Monday, March 1, 2010

Back to Friends

Well... last time I talked about friends...it was a great feeling.
This time its a troubled feeling...


When your life runs smoothly, friends add hue to it. When you are troubled, they remove the grey lines. But what happens when you know that there is a grey line in a friend's life and in the process of removing that, your friend turns away from you???

Well this is regarding a female friend of mine... who is facing problems at workplace. She didn't have the courage to talk about it to her parents. Being my best friend, she entrusted me with it! Now that I knew it, I couldnt let her work there... and everything I said started going against me. I tried to convince her to talk to her parents or to her sis if not her dad.. But she started ignoring me. She is of the thought that her evaluation would suffer if she brings up the issue in the office, and would be kind of emprisoned if she tells it to her parents.

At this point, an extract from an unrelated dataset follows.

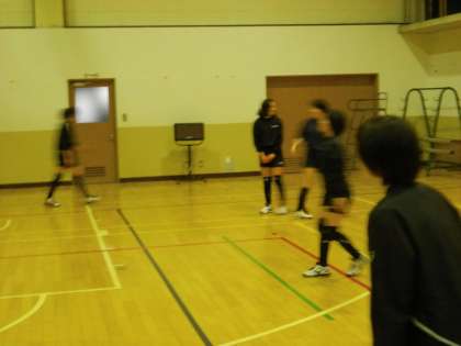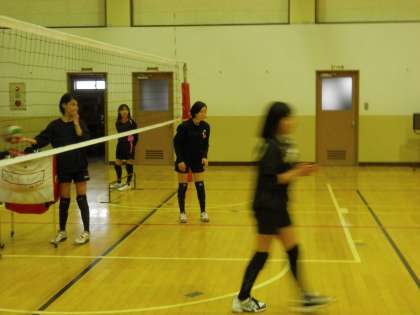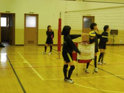 体育館ではバレー部と男子バスケットボール部が活動していました。

Our parents would never take a wrong decision for us, nor would they ever think of jeopardising our future. If they trust us, they would not make us pay for something we didnt do!!
But probably she didnt want to listen to me. I dont know how any rating can be more than respect! Any firm can never evaluate me to the best of my abilities..and so for such an evaluation I cant stake myself, my integrity and my values.

But this thought of mine intensified the gap she has created...I am still not sure what she thinks. If she doesnt like it, why does she let it happen? And I dont want to believe she would like it!
She has always been strong, both in terms of mind and might... I dont know what keeps her mum this time. I know her keeping shut is dangerous and I dont want her to harm herself, but I cant gather up the strength and inform her parents. Moreover, I'm sure she would not like my going to her parents. Coz she has lately been disliking my thoughts over this issue.

I seek strength from other friends of mine...to come to a decision... My friendship with her is on a toss right now and the worse that can happen, would be that she would never talk to me.. but if she's safe, sooner or later she'll realize we were on the same side! But till then, she'll hate me!!